A good cover letter answers 6 key questions. Within that, you can employ as
much creativity as you like, as long as you keep things either A) succinct, or
B) entertaining enough to pull the reader through.

The 6 key questions you need to answer for the reader are:

1\. Which position you're applying for. 2\. Can you do the job from a
functional point of view? 3\. Can you do the job from an organisational point
of view? (human awareness, business awareness) 4\. Are you motivated to do the
job? 5\. Are you the type of person they'd enjoy working with? 6\. Should they
actually get in touch with you?

Here's how I'd mark you on those:

1\. 0/10. 2\. 8/10. 3\. 0/10. 4\. 6/10. 5\. Subjective, but I'd say 4/10. 6\.
7/10.

Total: 21/50. Presumably you'd score better on '1' in a real-life situation,
therefore 31/50.

Hopefully this feedback is useful to you.

------
WillyF
I like the less formal, personal tone. It makes you seem like a real person,
and it makes you more likable. That's important. The problem is that it's all
about you.

A cover letter's goal is to position yourself as the solution to someone
else's problem. That means showing that you understand their needs. It's hard
to do that without a cover letter that is highly personalized.

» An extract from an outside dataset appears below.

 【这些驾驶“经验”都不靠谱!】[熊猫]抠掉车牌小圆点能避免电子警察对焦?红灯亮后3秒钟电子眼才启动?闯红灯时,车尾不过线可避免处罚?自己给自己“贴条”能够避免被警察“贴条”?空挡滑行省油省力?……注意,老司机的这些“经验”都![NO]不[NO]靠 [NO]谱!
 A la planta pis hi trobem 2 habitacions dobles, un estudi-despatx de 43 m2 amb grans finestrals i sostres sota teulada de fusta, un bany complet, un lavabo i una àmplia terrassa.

You also don't mention any specific accomplishments. You can write for hours
about how much you love programming, but what most hiring managers are really
concerned with is your end product.

Keep the personal tone, but talk more about the employer and less about you.
When you do talk about yourself, talk about specific things that you've done
that demonstrate that you're the guy for the job.

------
bdunbar
For the love o' Pete - break this up into paragraphs. As-is it's unreadable.

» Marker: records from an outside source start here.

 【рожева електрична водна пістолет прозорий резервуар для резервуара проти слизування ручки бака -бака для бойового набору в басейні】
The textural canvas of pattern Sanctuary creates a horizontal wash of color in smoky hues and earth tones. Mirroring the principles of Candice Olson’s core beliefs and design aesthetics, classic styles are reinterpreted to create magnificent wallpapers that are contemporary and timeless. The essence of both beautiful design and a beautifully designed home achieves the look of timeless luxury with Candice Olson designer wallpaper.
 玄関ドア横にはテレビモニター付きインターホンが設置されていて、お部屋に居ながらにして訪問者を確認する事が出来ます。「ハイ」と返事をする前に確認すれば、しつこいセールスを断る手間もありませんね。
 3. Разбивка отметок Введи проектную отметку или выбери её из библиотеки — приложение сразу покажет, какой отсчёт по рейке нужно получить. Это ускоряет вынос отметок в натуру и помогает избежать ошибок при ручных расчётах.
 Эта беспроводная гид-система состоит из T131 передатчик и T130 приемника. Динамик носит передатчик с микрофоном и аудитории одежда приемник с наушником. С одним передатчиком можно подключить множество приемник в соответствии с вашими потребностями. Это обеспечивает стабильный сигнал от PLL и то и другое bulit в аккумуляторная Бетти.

If I were a hiring manager (I'm not, but I scan resumes for them now and
again) I'd give you an A for enthusiasm and circular file it.

The actual content .. this won't fly at all with a mid-to-large organization,
or an HR person, that's for sure.

Might work with a smaller company, or startup.

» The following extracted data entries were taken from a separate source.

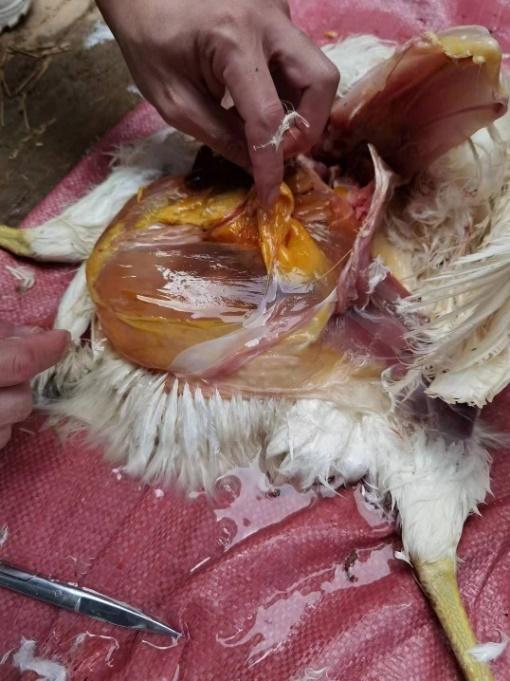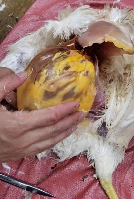 茂名某規(guī)模化蛋雞場飼養(yǎng)蛋雞3棟,單棟1.5萬只。A棟雞從開產(chǎn)到230日齡產(chǎn)蛋率一直上不去,維持在85%左右。大群采食量和飲水正常,平均每只雞采食量為105g,大群精神狀況良好,糞便正常。臨床觀察發(fā)現(xiàn)個(gè)別雞只(30只左右)腹部膨大下垂,觸之有波動(dòng)感。頭頸高舉,行走時(shí)呈企鵝狀姿勢。B棟和C棟無此情況。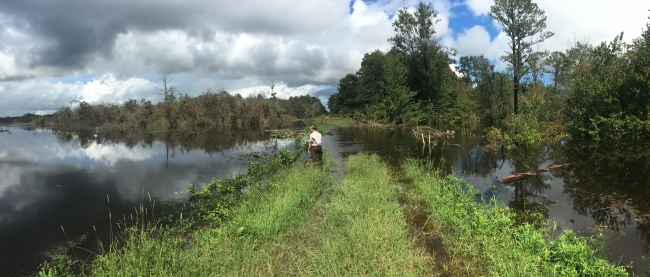 Excessive rain has caused water to flow over the roads at Great Dismal Swamp National Wildlife Refuge.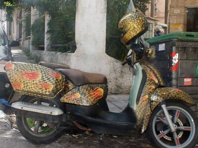 Την φωτογράφησε ο Αλέξης Γκλαβάς στην διασταύρωση των οδών Αλεξάνδρου Υψηλάντου και Καλαμογδάρτη. Μπορεί να είναι σταματημένη δίπλα σε κάδο, αλλά η vespa- υπερπαραγωγή, δεν χάνει την...τσαχπινιά της. Το ασορτί animal print κράνος, απλά μας ξεπερνάει.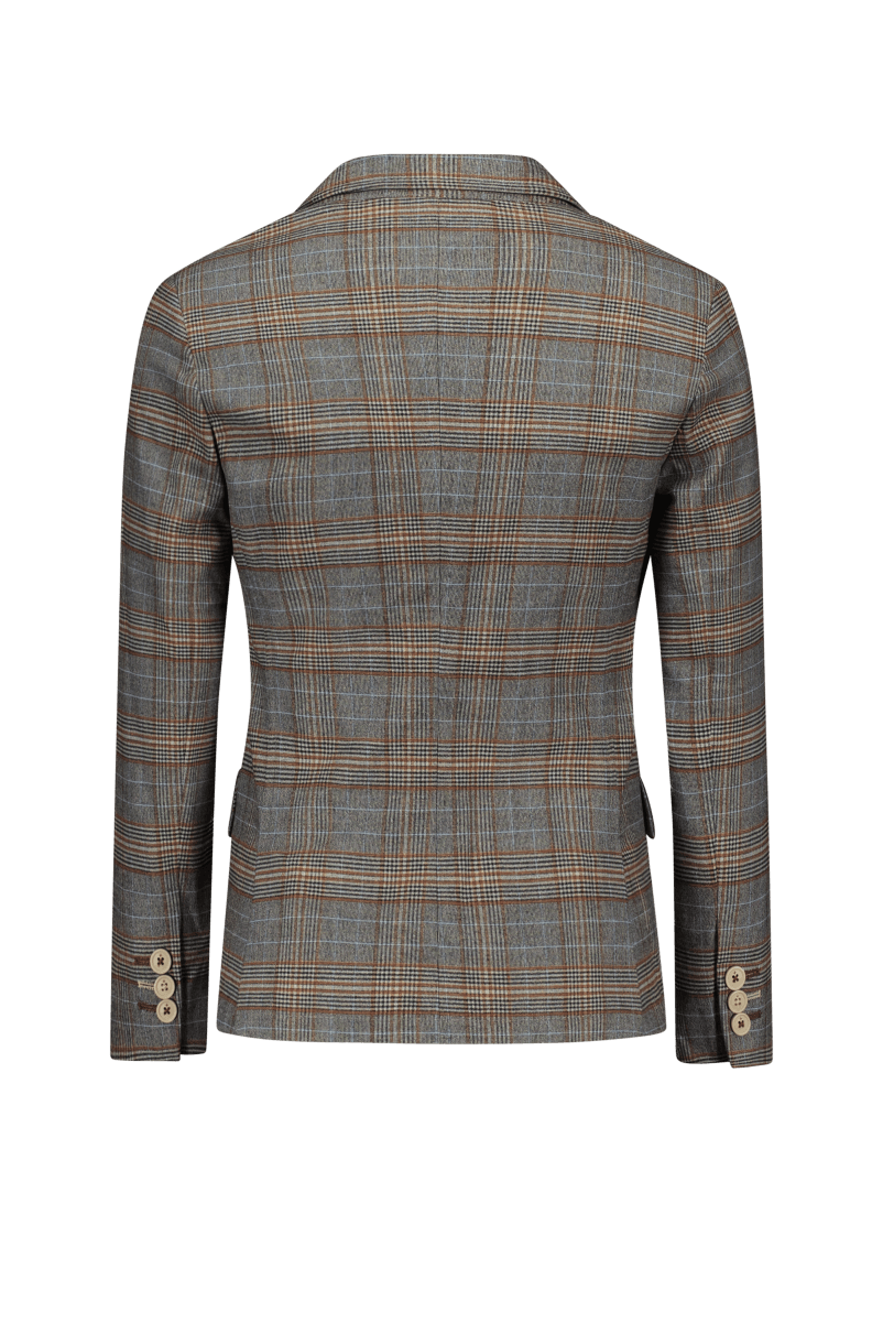Red+Blazer made of grey/brown check print. The blazer has minimal shoulder pads and a button closure. Match with one of our Blousess for the perfect outfit!

Best advice echoes that above: tailor your letter to the recipient. Use this
enthusiasm to tell them how you would solve _their_ problem.

------
lanna
I like personal cover letters more than the cold, cookie-cutter standard ones.
However, yours is too emotional. Be more objective and straight to the point.

------
snaveint
I prefer this to the standard cover letter, but make sure you don't come
across too arrogant. e.g. this line is unnecessary in my opinion: "Do you
remember your first CS class? How there were a few people who just couldn’t
handle the obscure bugs and the hours upon hours of staring at the screen and
they ended up dropping out?".

------
javanix
Thanks for all of the help, everyone - HN is great for this sort of "real-
world" feedback.

I'll update this thread later when I have a chance to make some changes.

------
ilanco
HTML and CSS are not programming languages.

------
joeld42
The enthusiasm is good, but add more specific examples of problems you've
solved and things you've built.

------
state
This is most definitely a more persuasive approach than the standard format.
Stick with it.